STUDY MATERIAL:
=======

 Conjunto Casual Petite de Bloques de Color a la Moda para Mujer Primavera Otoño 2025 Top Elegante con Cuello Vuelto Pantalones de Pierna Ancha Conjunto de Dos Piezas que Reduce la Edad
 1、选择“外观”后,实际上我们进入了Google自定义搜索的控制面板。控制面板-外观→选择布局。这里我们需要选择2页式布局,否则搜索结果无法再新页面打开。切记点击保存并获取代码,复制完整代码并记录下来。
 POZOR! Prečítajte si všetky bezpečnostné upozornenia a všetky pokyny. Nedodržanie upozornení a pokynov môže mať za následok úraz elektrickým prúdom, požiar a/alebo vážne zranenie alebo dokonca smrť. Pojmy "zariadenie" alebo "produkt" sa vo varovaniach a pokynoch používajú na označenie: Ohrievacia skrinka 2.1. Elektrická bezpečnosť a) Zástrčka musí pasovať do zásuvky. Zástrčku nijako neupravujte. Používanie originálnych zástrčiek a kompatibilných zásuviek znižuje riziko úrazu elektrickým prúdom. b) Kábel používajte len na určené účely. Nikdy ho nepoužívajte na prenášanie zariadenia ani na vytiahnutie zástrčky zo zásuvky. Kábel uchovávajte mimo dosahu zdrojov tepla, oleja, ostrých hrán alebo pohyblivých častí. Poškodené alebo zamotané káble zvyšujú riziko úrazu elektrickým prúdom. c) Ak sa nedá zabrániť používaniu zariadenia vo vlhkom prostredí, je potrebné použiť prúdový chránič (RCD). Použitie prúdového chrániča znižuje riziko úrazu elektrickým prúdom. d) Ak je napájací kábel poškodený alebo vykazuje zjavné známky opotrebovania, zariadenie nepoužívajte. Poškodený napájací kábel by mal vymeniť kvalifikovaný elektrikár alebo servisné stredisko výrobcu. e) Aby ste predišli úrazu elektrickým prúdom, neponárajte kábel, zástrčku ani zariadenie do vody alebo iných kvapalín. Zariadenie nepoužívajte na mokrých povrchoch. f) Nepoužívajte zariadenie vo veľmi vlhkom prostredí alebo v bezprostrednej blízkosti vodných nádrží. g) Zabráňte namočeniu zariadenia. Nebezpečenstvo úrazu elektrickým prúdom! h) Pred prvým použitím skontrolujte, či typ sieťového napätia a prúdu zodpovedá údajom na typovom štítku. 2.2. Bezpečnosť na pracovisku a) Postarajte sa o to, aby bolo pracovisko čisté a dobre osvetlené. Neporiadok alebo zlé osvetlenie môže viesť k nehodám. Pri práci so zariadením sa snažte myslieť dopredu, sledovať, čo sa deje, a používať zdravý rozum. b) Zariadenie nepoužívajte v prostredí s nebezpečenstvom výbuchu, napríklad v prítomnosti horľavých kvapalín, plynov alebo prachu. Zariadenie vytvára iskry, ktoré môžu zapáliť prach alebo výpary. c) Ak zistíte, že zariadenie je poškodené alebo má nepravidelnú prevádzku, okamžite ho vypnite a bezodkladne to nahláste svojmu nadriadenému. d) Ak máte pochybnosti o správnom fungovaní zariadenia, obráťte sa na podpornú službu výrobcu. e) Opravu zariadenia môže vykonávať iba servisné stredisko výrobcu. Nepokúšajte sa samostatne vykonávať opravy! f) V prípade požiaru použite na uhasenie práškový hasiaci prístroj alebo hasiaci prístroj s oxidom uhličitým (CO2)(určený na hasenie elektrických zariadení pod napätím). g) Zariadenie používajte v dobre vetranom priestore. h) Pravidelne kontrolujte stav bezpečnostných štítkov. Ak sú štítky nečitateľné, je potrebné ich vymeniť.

=======

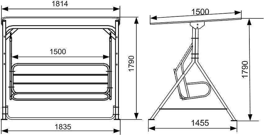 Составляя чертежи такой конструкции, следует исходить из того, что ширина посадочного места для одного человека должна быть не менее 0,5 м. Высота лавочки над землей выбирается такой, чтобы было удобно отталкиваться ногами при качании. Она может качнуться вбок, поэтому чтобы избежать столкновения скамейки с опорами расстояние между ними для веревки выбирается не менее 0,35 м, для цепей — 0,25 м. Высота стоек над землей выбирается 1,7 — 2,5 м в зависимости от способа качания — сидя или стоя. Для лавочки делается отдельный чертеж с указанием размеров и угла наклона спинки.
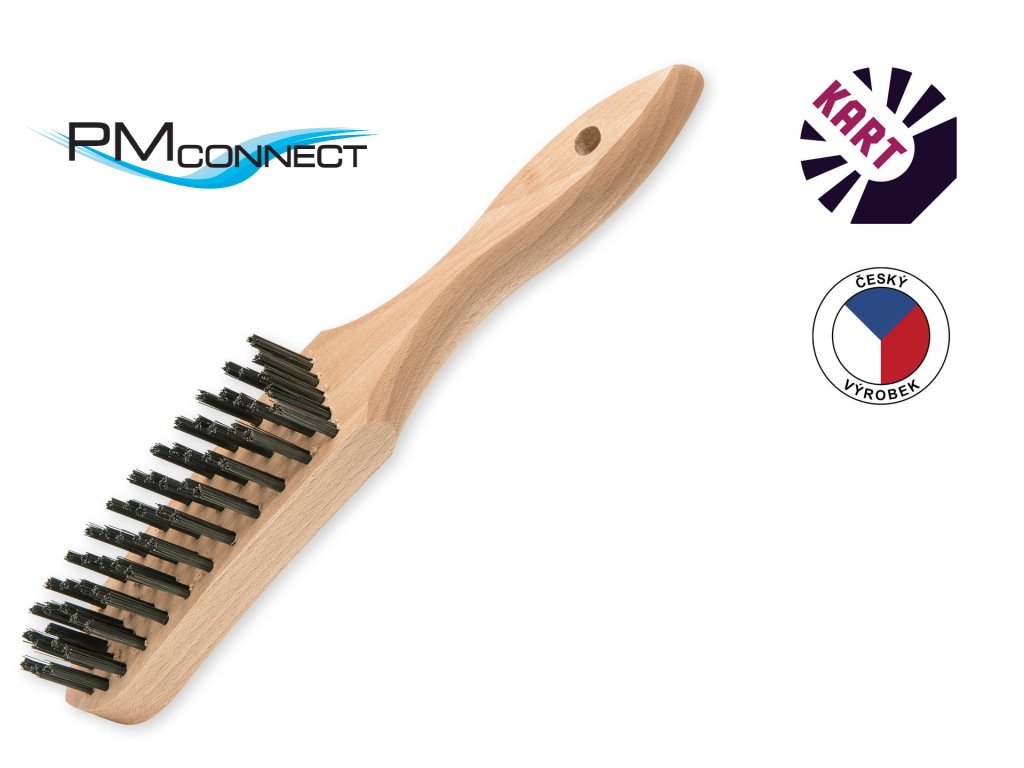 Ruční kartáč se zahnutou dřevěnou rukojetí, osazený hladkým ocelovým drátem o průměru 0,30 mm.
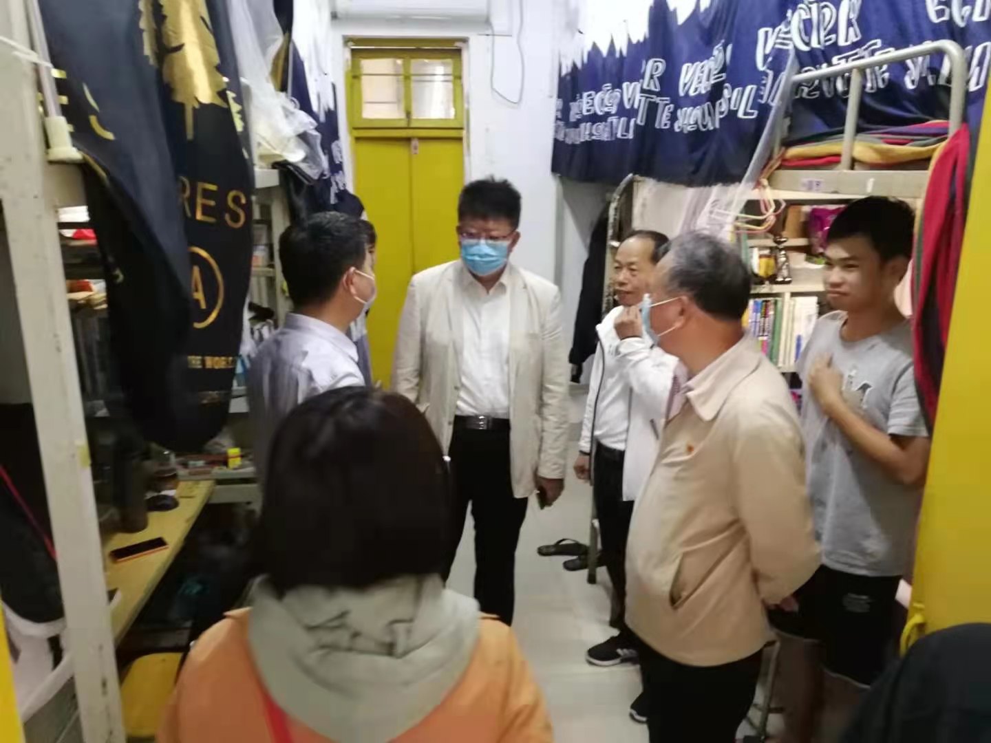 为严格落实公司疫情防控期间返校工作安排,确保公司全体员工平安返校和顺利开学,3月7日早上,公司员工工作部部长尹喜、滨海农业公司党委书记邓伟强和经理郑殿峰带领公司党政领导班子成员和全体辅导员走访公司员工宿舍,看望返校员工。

=======

WHAT YOU ARE ASKED TO DO:
With the pictures omitted, copy the entries above exactly from the line containing "Ruční kartáč se" through the line containing "为严格落实公司疫情防控期间返", both lines included.

RESULT OF THIS TASK:
 Ruční kartáč se zahnutou dřevěnou rukojetí, osazený hladkým ocelovým drátem o průměru 0,30 mm.
 为严格落实公司疫情防控期间返校工作安排,确保公司全体员工平安返校和顺利开学,3月7日早上,公司员工工作部部长尹喜、滨海农业公司党委书记邓伟强和经理郑殿峰带领公司党政领导班子成员和全体辅导员走访公司员工宿舍,看望返校员工。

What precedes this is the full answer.